Anne Salve Women

father and child s hands together

Fear: How Well Do You Understand Its Purpose?

I was afraid of Papa. He placed fear in me. 

At least this is how I thought to perceive my feelings at first.

I feared my father.

I felt and heard the Jiminy Cricket in me always asking if my next step was right whenever I found myself to be in a questionable predicament. 

I could feel myself tremble from worry upon finding myself at a moment of uncertainty.

I always wanted to be sure I was doing right, that discernment to know and yet, seemingly lost at a moment’s decision.

As I grew up, I began to understand that very fear instilled within me.

It took me almost a half century to realize I had not been afraid of Papa. I was afraid to disappoint.

Papa was merely that symbol of forewarn to always choose and do right. 

It was when I felt to have done wrong where I feared the truth in my actions. They had not been right and Papa would soon find out if he hadn’t already. 

Just the very thought of Papa stood in my thoughts as a symbolism for integrity.

Just several years over a decade ago, my former teaching colleague, Roy, a retired professional baseball pitcher who then attained his dream job of becoming a teacher, placed a copy of the saying in my room out of my request, “Integrity. It’s what you do when no one is looking.”

To be integrous is an ever-going training and expectation for the heart, the mind, the body, and the spirit. 

As I grew, I trained myself to believe Papa knew what I was doing even if he wasn’t around- until in faced reality, one day (picking up the phone to call him one day only to be reminded he had passed three years prior), Papa had long gone.

I feared wrong.

This has helped me throughout my journey of life.

Nearing my golden years, just shy of a few days, I smile upon myself to think, I’ve continued to serve myself well.

I don’t mean that in a vein way.

I mean that in a fulfillment way. To serve the father’s expectations instilled within me.

I naturally brought in five amazingly, strong, healthy, beautiful, and intelligible children, each of which I made sure to take care of myself that I eat and exercise my heart, mind, body, and spirit far before the child growing within me even entered this world.

When I think or look at each of my children, I know my part was my all to now where some must face their own destinies based off their own reaping.

I have loved and devoted myself to my husband from the very beginning of our time, over thirty years ago. No other man can say they have ever managed nor were invited to violate the holy matrimony I have strongly upheld to the one man of all our five children together.

I can look at my husband, I can look at our children, and together, I happily can proclaim- one. 

I have given my children the gift of one father.

I have given my husband the gift of one wife, one that is good, one who can say, “All of our children are unquestionably yours. All ours.” 

We are one.

I can and have silently laughed at the whispers of doubts of my loyalty in all my years of wifing (wife-ing) – the love, loyalty, or enthusiasm a lawful woman offers incessantly to one partner for life. 

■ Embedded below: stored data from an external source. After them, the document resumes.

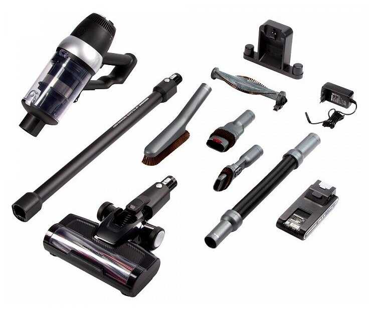 - + 2 способа сборки для дома и авто, беспроводной (свобода пережвижений), объем пылесборника 0,6 литра, просто очищается одним нажатием кнопки, имеется настенное крепление для хранения, в комплекте: турбощетка со сменными роликами, насадка с щеткой 2в1, насадка для мебели, щелевая насадка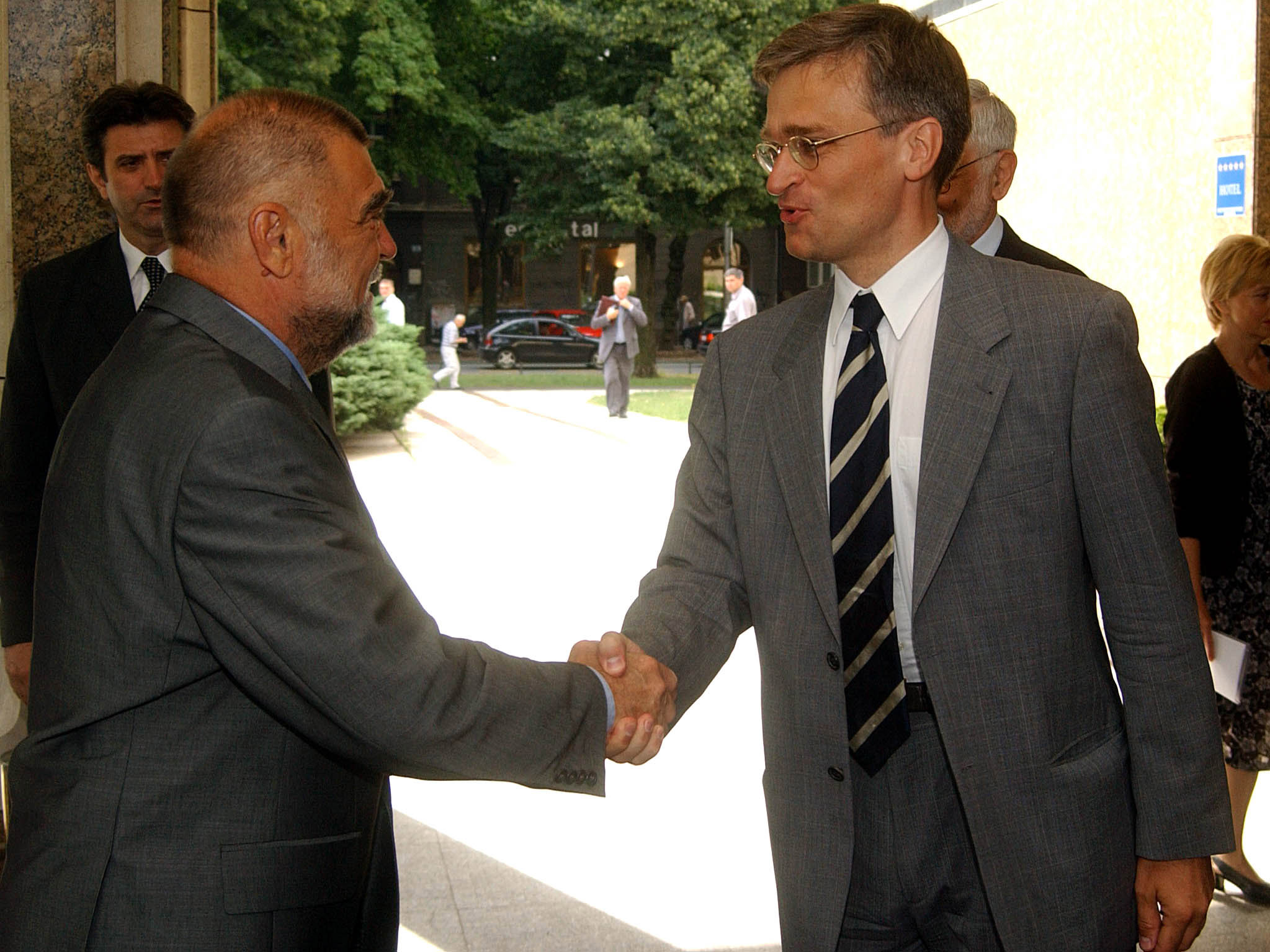 OSCE Mission Head Peter Semneby (right), here at an archive photo with President Stjepan Mesic, congratulated Croatia for receiving an EU candidate status.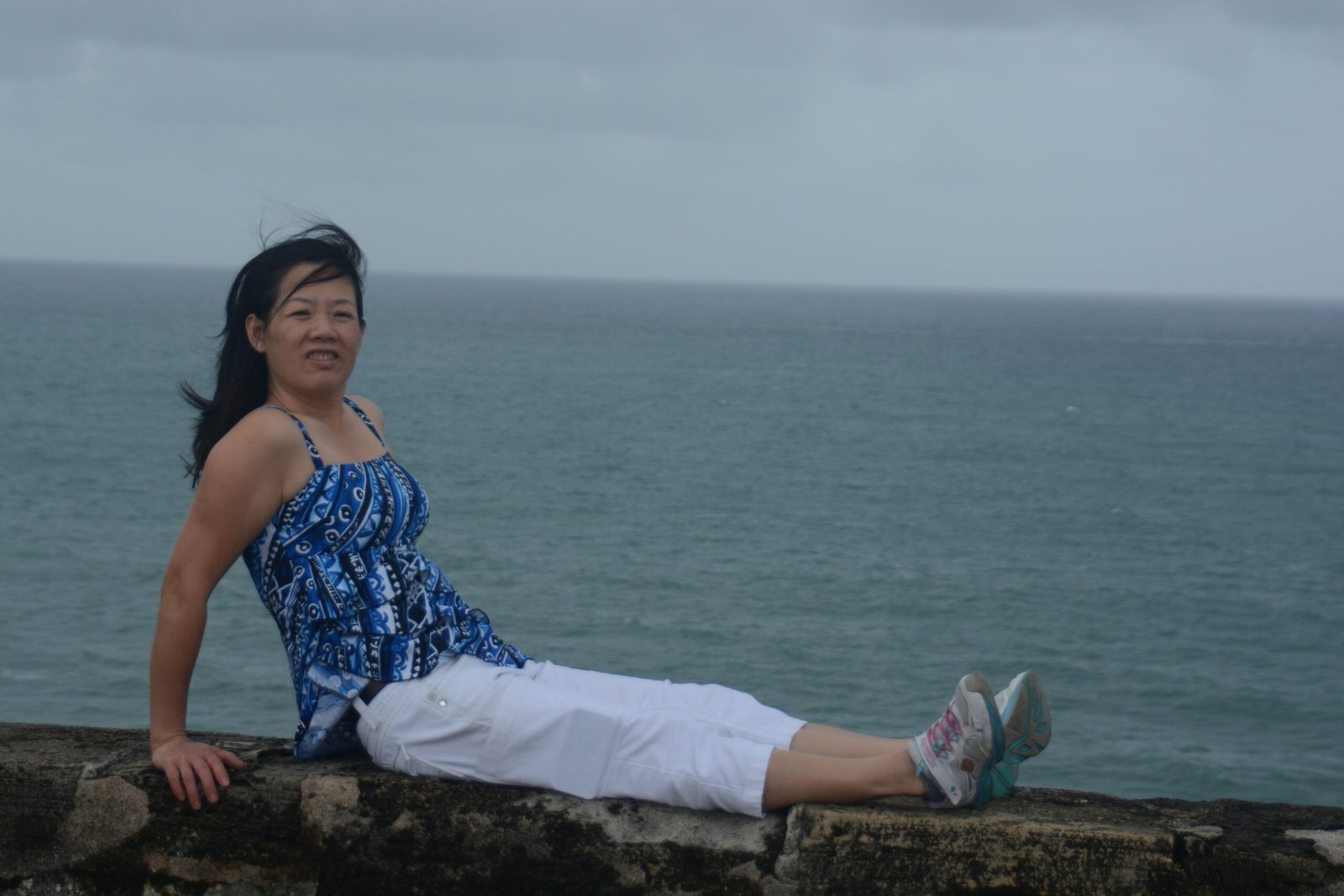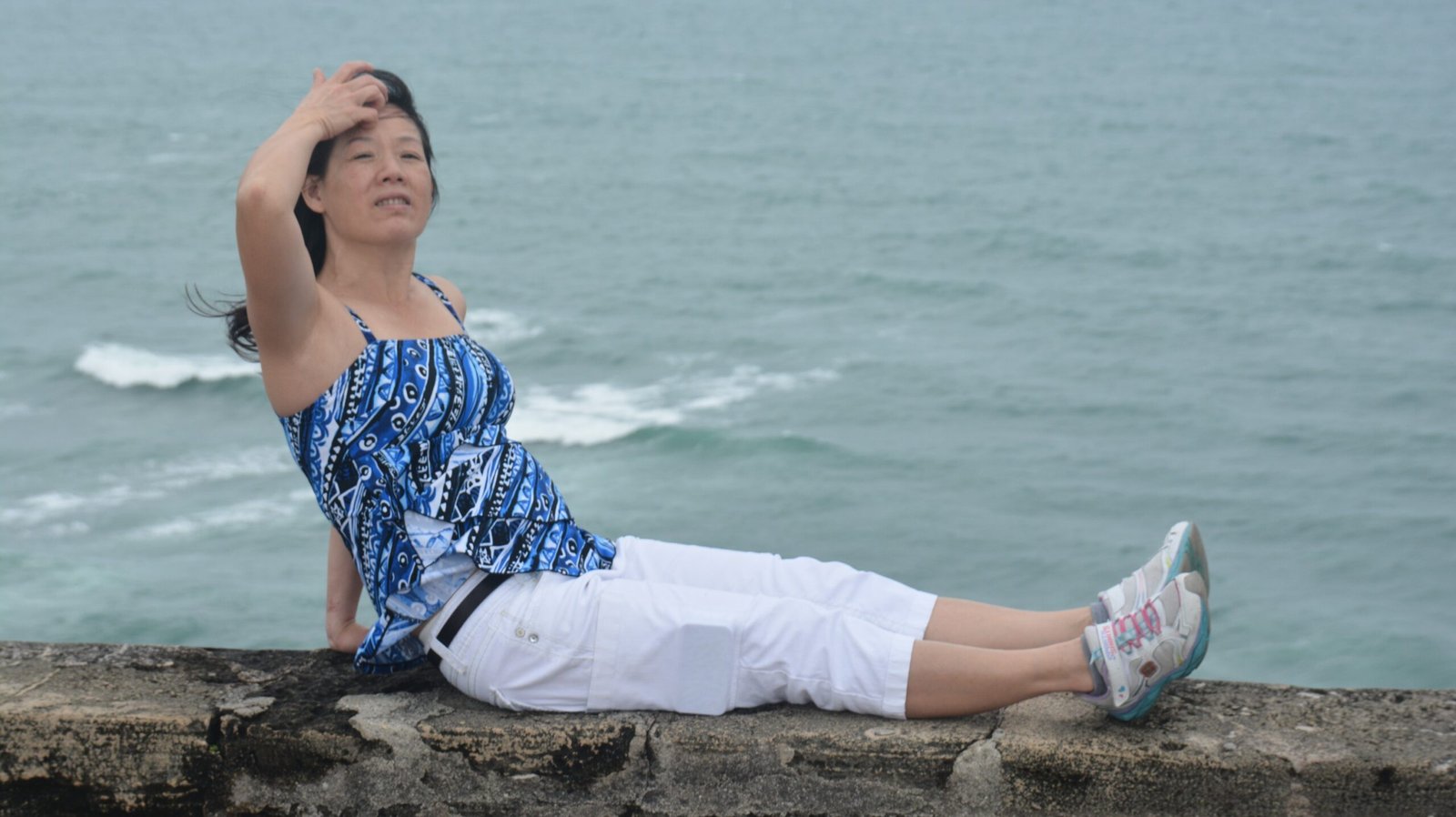 Winnie sitting on a colorful wall that runs along the edge of cliffs in the Miraflores District of Lima,. These cliffs run along the coast with pacific ocean beaches at the bottom.

Promiscuous mentalities can only think in a way where no one else could ever stay good and faithful to one. Good, I am. Faithful I am. I prove to no one, but One.

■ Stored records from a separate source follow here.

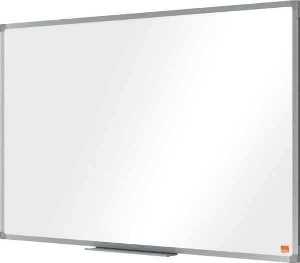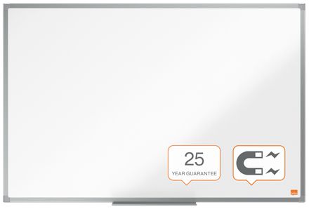Enamel magnetic whiteboard with an anodised aluminum trim. Fixed by a through corner wall mounting and supplied with a whiteboard pen tray. The enamel magnetic whiteboard surface offers a superior level of erasability and durability for frequent use. Size: 90x60cm.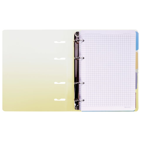 Тетрадь на кольцах с пластиковой градиентной обложкой станет незаменимым помощником в учебе и работе. Импортный кольцевой механизм позволяет легко сменить внутренний блок.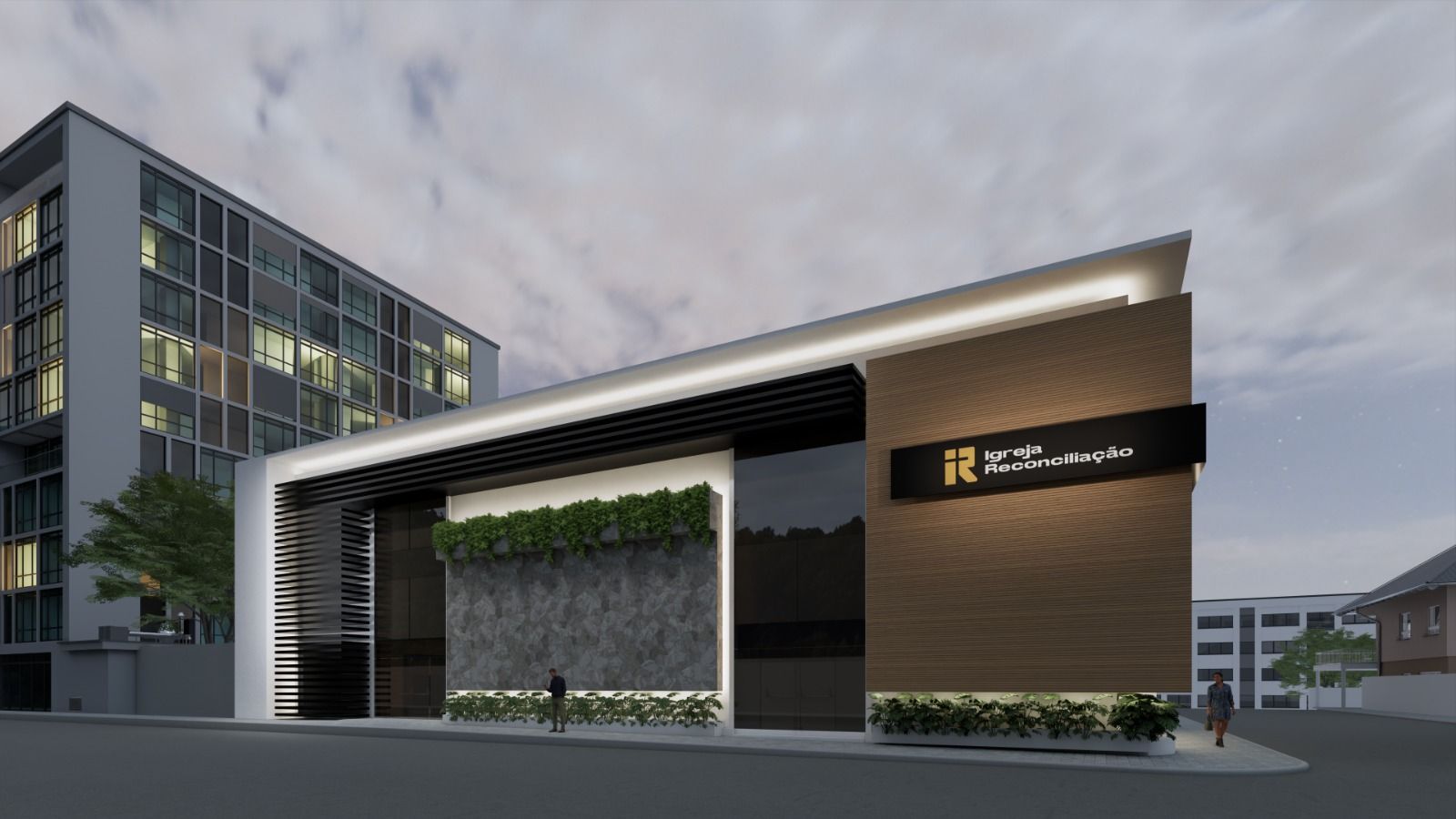 Apresentamos mais um projeto de Arquitetura Religiosa Evangélica Contemporânea: projeto para a revitalização da fachada e do interior da Igreja Evangélica Reconciliação. O projeto da fachada traduz a modernidade do nosso traço arquitetônico. O design é marcado pelo contraste elegante entre materiais nobres, cores e texturas, conferindo à Igreja uma identidade visual impactante e acolhedora, perfeitamente alinhada com os templos evangélicos do século XXI.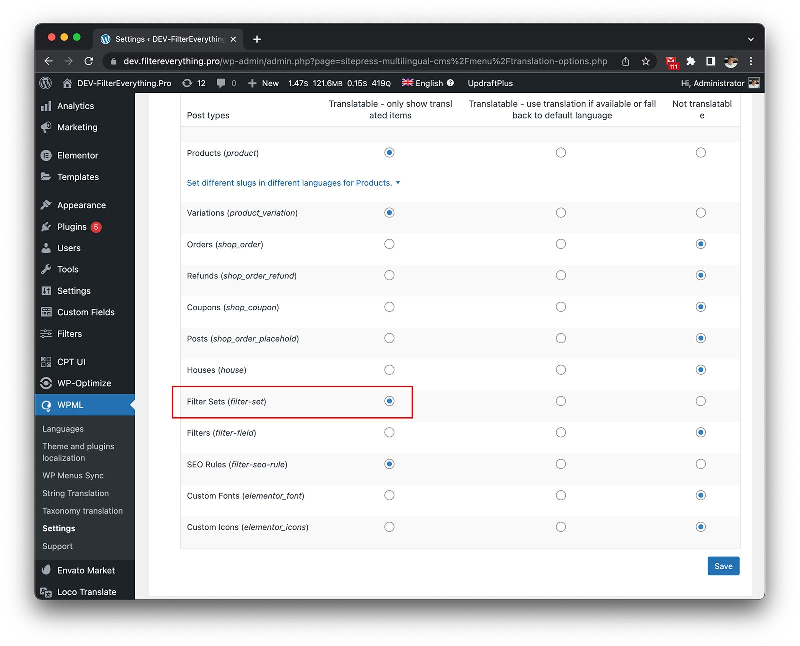 The Filter Everything PRO and Free plugins are compatible with WPML and allow you to create translations of Filter Sets to use according to the current language on a site. This is not necessary and you can use the same Filter Set for all languages on your site. But if you want to translate Filter Labels, then it is better to create translations. To do this, you need to make the Filter Set translatable Post type in the WPML settings -> Settings -> Post Type Translation as it is shown on the screenshot below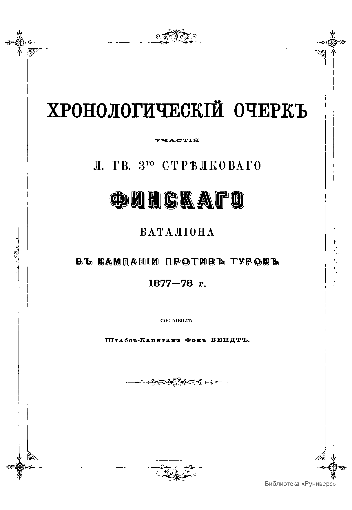 Хронологическiй очеркъ участiя Л.-Гв. 3-го стрѣлкового Финскаго баталiона въ кампанiи противъ Турокъ 1877-78 г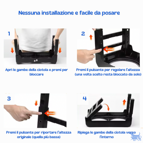 La nostra Ciotola Doppia Rialzata è progettata per migliorare la postura del tuo pet mentre mangia, riducendo la tensione su collo e articolazioni.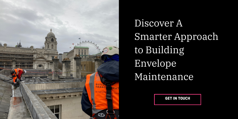 Building Transformation operates as a building-envelope partner, providing a complete process from access through to repair and maintenance. We access, survey, diagnose and fix façade and roof issues, then help you plan maintenance, so the building remains safe and watertight.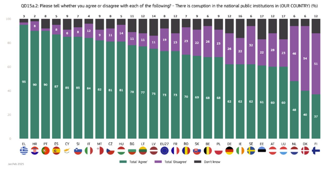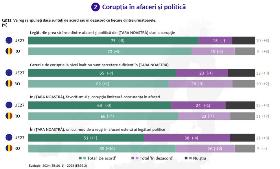 Consiliul remarcă faptul că, potrivit măsurătorilor Eurobarometru, percepția fenomenului corupţiei în anul 2024 era de 71% şi plasa România pe locul 15 din cele 27 de state membre, în grupul ţărilor cu percepție de corupţie medie (51%-75%), în media europeană (71%), procente mai înalte de percepţie a corupţiei regăsindu-se în Grecia (98%), Portugalia (96%), Malta (95%), Slovenia (95%), Croaţia (92%), Cipru (91%), Spania (90%), Ungaria (88%), Bulgaria (85%), Lituania (83%), Cehia (79%), Italia (78%), Slovacia (77%), Letonia (76%).

Jiminy Cricket could vouch such claim if ever need be to care to prove to anyone who would probably and, still, must convince themselves otherwise.

You can give aide to the blind to see and the deaf to hear.

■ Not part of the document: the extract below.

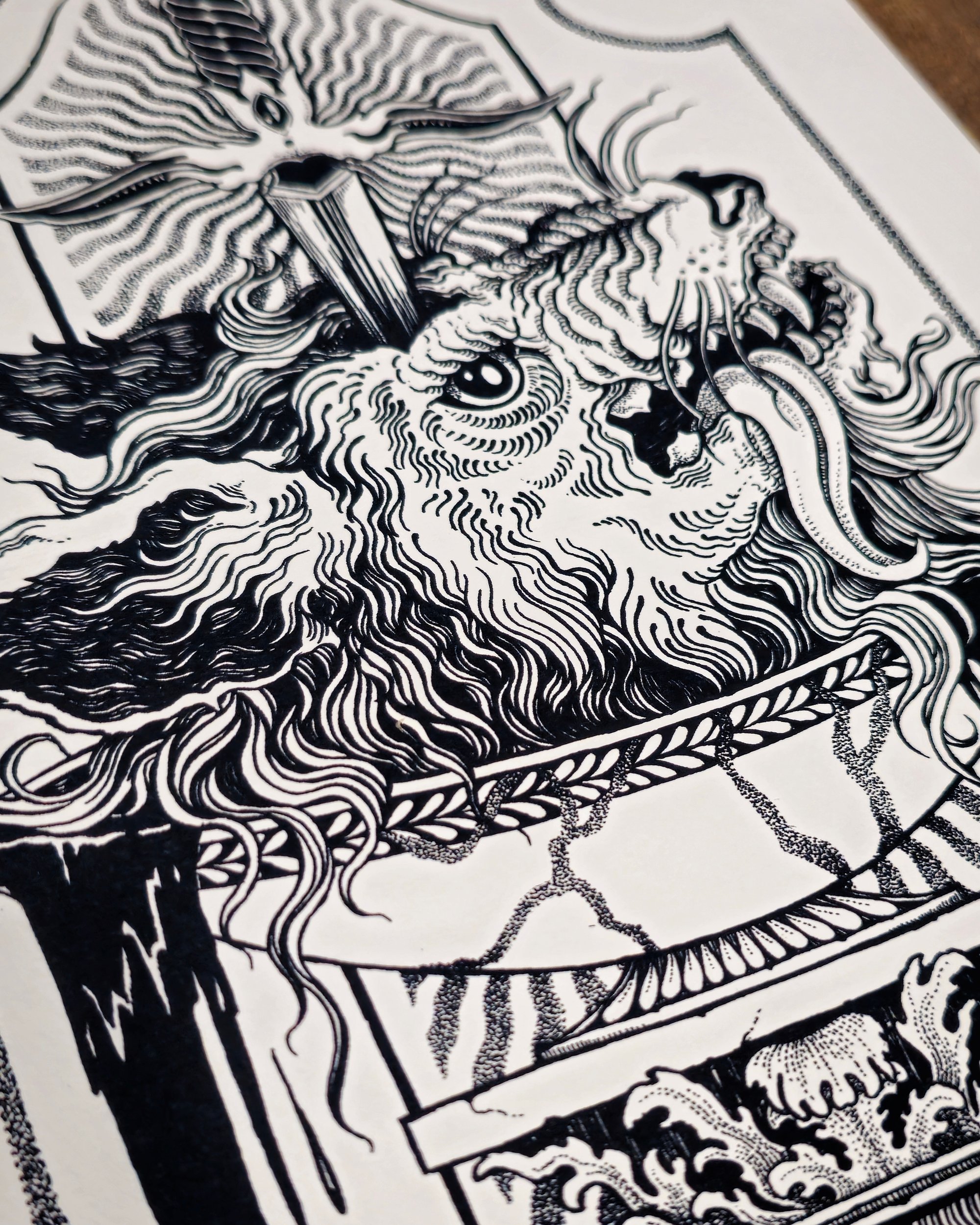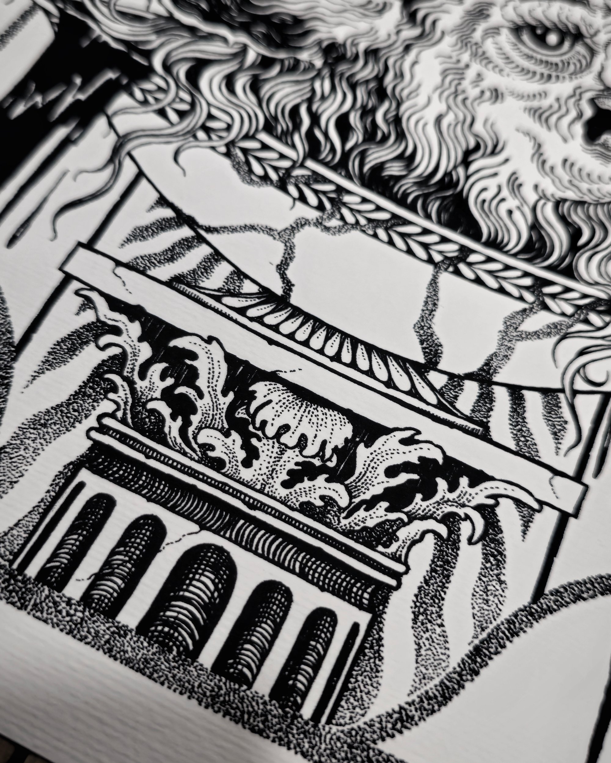 Printed on Hahnemühle textured FineArt archival paper (210 gsm).

You must leave alone those who are blind and deaf by choice.

I look at my husband and know even more each day, “My darling, I am yours and you are mine…”

This is my own gift to me. 

Each time I hold my husband’s hand, I know and am certain, he holds the hand of one honorable, loyal, faithful, integrous, and devoted. That, I am. Jiminy Cricket knows. 

I have silently laughed, knowing each of our children have had their share of naughty moments. And, yet, I think, “Good. They are not the stiff-necked kind who don’t know how to embrace still, the child in them. Good that they know how to break through for autonomy. Good that they know how to step away from discomfort of restriction and confinement so that they may grow, develop, and thrive beyond the grounded foundations they each were put in.” 

The spirit of a child lives and lingers within.

A seed is meant to push and break through in able to flourish to become how each were meant to blossom and bear fruit. 

Had I not done the same, I would not be breathing the air of leisure and peace to that which I have blessedly followed through the words of Jiminy Cricket within me.

As I have said to my students within my many years of teaching, “Nobody is perfect but we can each strive for excellence.”

I am saddened by the world around me who have not taken the time to reflect on correction or forewarns.

I see now those who have been left behind- marked by obstinance, pride, denial, and lack of accountability, daubed with, instead, the victim mentality, blaming everyone but themselves of their own found circumstances, no matter how many times they see themselves still immobilized from the same input/output results. 

While I cannot deny for being angered or impacted by the attempts of others to steal, kill, and destroy the hearts, minds, bodies, and spirits of one another, I see those very same only hungry and thirsty due such depravity. 

Hungry and thirsty each day and yet the well is there to supplement their thirst, too busied by their eyes wandering as to the satiation filling others.

I know now to only hope each such lost soul, in the trickeries of life’s enticements to only lure those into covetousness, strength will be found to no longer serve such path of farther direction from their father’s forewarns.

In a world where so many no longer understand the genuine care and love of a father to which I see has infiltrated the minds of even those raised by one- there is confusion; there are more to be lost.

I can offer nothing but the willingness to always prove that when willing and believing in the father, one can faithfully arrive to safe destinies.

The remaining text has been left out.